During our day hike we left silty water in bladders at our campsite to separate. That worked fantastic. We had water for the rest of the day, night, and next morning. The camp tonight is on a sandy bench over the mouth of Tanner Canyon. A sweet spot.
Photos from Day 4:
Day 5: Tanner Trail to Tanner Trailhead
Recommended Gear
- 2, 2 liter Platypus Ultralight Collapsible Water Bottle (clear plastic bags are easier to view when the water has separated from the Colorado River silt)
- Carry microspikes (traction device for feet) for ice on the upper portions of trails during the early spring, winter, late fall, take gear and clothing for all types of weather and extremes, it can be very hot or cold, snowy, windy, icy, or rainy
- Store your food in a rodent proof sack. There are rats in the Grand Canyon! I use the URsack Minor with the Odor Barrier Bag (OP Sak 12 x 20)
- I carry a Garmin Mini Satellite Communicator and highly recommend it, especially on a remote, difficult route.

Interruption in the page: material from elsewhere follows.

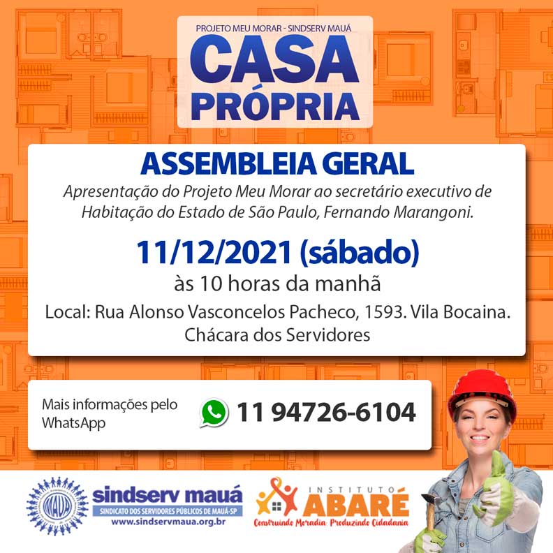 Os participantes do projeto Meu Morar estão convidados para participar da última assembleia geral do ano, neste sábado (11), na Chácara dos Servidores, a fim de apresentar os avanços do empreendimento ao secretário executivo da Secretaria de Estado da Habitação de São Paulo, Fernando Marangoni. A atividade será acompanhada por diretores do Sindicato dos Servidores e Funcionários Públicos de Mauá e técnicos do Instituto Abaré.

- It is important on rugged terrain to get your backpacking kit as light as possible so you are able to maneuver safely. Here is my lightweight gear list and My Personal All-Time Favorite Hiking Gear
Photo
- View all photos from the trip on Flickr
Links to other Grand Canyon Trips
- Hike South Kaibab Trailhead to Bright Angel Trailhead
- Backpack Grandview Trail to Horseshoe Mesa
- Backpack Phantom Crystal Creek Cross-Country Loop
If you hike this route, tag @christyrosander on Instagram and use the hashtag #ladyonarock so I can take a look!
Happy Adventuring!
The terrain is so beautiful! I admire that you tackle the Class 2 & 3 stuff. I don’t like it with a backpack on or off!
I think the important thing is that we are all getting out, walking, and enjoying the outdoors. Class 1, class, 2, class 3 or whatever. 🙂 Just keep putting one foot in front of the other.
Yes, I agree with you. Rock on’!
Certainly not as iconic as your Yosemite and Grand Canyon hikes, but I am still attempting to re-establish access to Tehachapi Mountain. Let me know if you know of anyone hiking the use trail in -1968/72 timeframe, or available dated maps showing the trail. Thanks
The whole subject of Tehachapi Mountain is just so very sad. I wish I knew of anyone and could help. Keep up the fight!
Your photos are absolutely outstanding. I just can’t imagine hiking like you do even if I were younger. I guess the thrill of all the beauty you see is what makes your trips so inspiring. Thank you posting such gorgeous photos.
Marilyn, The clouds and lighting on this trip really made for a spiritual experience. Thank you for your appreciation, commenting, and for following along on this journey of life. You are the best.
Christy’s pics have always been the best! I took my daughter to that area a few years ago and can’t wait to return. Thanks for the post!
Thank you Neil! and you are welcome. Is it even possible to tire of the Grand Canyon? Most likely the answer is no. We all should make it a goal to go back. 🙂
Absolutely breathtaking scenery! I’m so jealous – well done and thanks for posting! 🙂
You are welcome. This is the Grand Canyon I love, raw and remote. It is unforgiving though and you have to be prepared for everything. Thanks for reading!